→ **Try it**
Copy all entries without alteration and skip the pictures they hold.

→ **Data to use**
::::::::

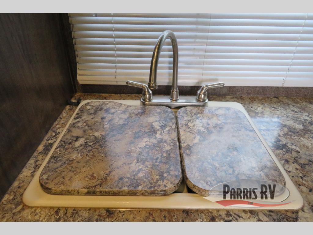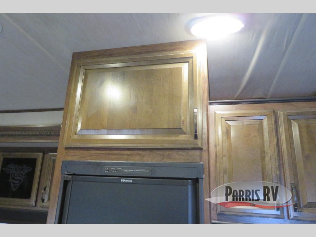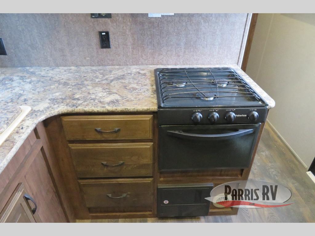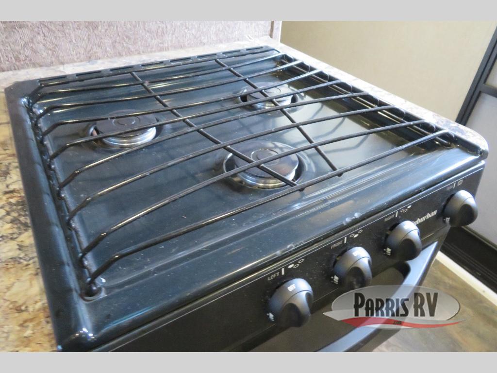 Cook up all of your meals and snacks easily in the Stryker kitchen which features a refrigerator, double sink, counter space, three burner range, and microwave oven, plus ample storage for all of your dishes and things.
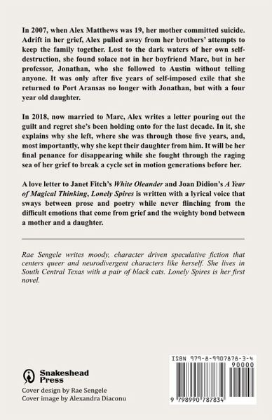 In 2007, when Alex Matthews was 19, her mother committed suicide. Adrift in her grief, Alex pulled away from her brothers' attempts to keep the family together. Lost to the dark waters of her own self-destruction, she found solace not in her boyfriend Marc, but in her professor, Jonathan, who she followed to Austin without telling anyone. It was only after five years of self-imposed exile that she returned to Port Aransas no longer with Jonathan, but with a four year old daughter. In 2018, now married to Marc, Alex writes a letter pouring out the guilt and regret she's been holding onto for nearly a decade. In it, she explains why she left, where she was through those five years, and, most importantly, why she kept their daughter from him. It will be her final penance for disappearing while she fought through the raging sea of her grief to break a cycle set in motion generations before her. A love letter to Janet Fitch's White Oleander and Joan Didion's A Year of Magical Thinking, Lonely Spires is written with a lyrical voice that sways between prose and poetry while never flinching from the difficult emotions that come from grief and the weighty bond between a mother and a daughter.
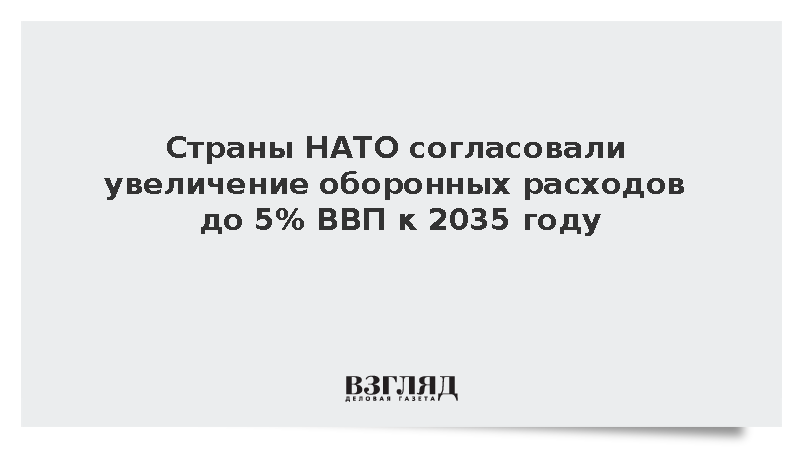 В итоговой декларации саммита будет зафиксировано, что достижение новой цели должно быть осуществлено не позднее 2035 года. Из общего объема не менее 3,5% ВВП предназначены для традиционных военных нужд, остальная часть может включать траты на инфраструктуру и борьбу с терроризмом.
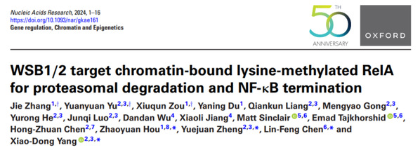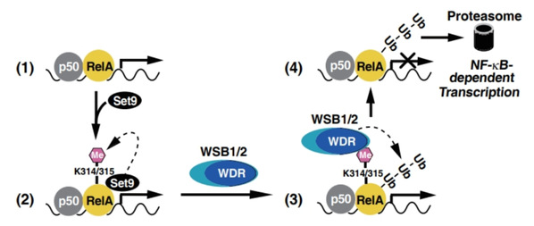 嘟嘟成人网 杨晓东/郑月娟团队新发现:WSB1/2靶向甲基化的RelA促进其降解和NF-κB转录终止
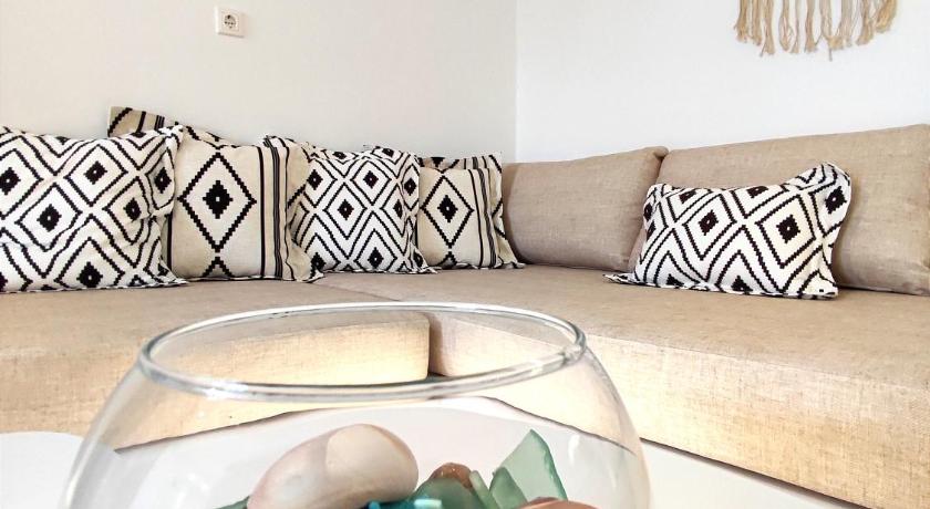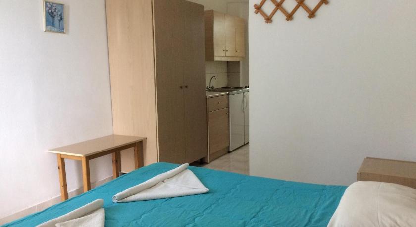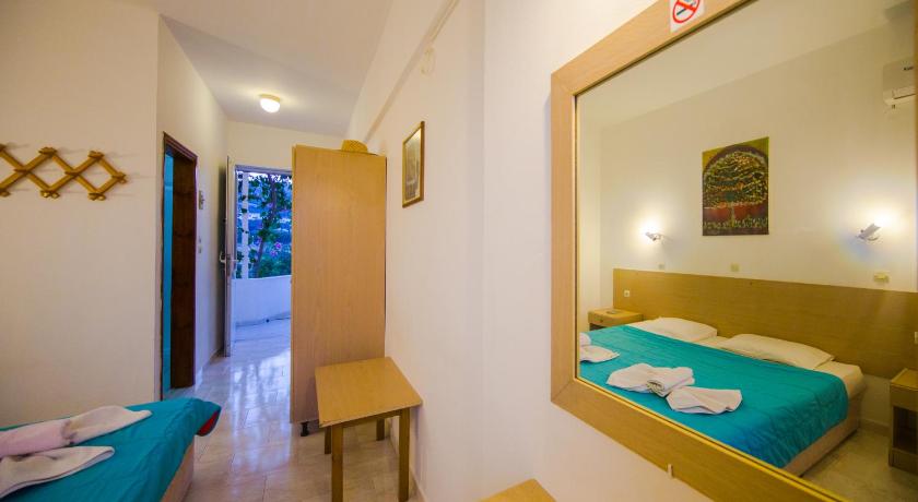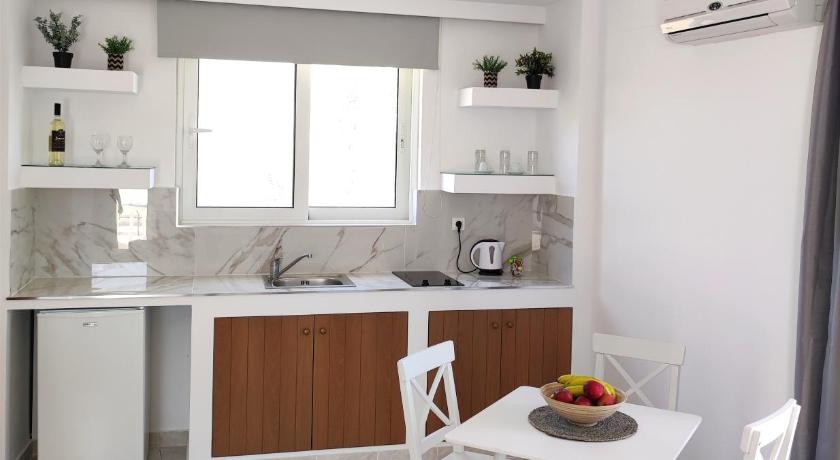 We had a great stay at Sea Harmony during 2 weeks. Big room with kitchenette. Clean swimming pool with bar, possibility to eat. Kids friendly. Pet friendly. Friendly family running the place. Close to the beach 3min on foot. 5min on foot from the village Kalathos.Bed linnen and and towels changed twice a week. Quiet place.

::::::::

→ **Problem solution**
 Cook up all of your meals and snacks easily in the Stryker kitchen which features a refrigerator, double sink, counter space, three burner range, and microwave oven, plus ample storage for all of your dishes and things.
 In 2007, when Alex Matthews was 19, her mother committed suicide. Adrift in her grief, Alex pulled away from her brothers' attempts to keep the family together. Lost to the dark waters of her own self-destruction, she found solace not in her boyfriend Marc, but in her professor, Jonathan, who she followed to Austin without telling anyone. It was only after five years of self-imposed exile that she returned to Port Aransas no longer with Jonathan, but with a four year old daughter. In 2018, now married to Marc, Alex writes a letter pouring out the guilt and regret she's been holding onto for nearly a decade. In it, she explains why she left, where she was through those five years, and, most importantly, why she kept their daughter from him. It will be her final penance for disappearing while she fought through the raging sea of her grief to break a cycle set in motion generations before her. A love letter to Janet Fitch's White Oleander and Joan Didion's A Year of Magical Thinking, Lonely Spires is written with a lyrical voice that sways between prose and poetry while never flinching from the difficult emotions that come from grief and the weighty bond between a mother and a daughter.
 В итоговой декларации саммита будет зафиксировано, что достижение новой цели должно быть осуществлено не позднее 2035 года. Из общего объема не менее 3,5% ВВП предназначены для традиционных военных нужд, остальная часть может включать траты на инфраструктуру и борьбу с терроризмом.
 嘟嘟成人网 杨晓东/郑月娟团队新发现:WSB1/2靶向甲基化的RelA促进其降解和NF-κB转录终止
 We had a great stay at Sea Harmony during 2 weeks. Big room with kitchenette. Clean swimming pool with bar, possibility to eat. Kids friendly. Pet friendly. Friendly family running the place. Close to the beach 3min on foot. 5min on foot from the village Kalathos.Bed linnen and and towels changed twice a week. Quiet place.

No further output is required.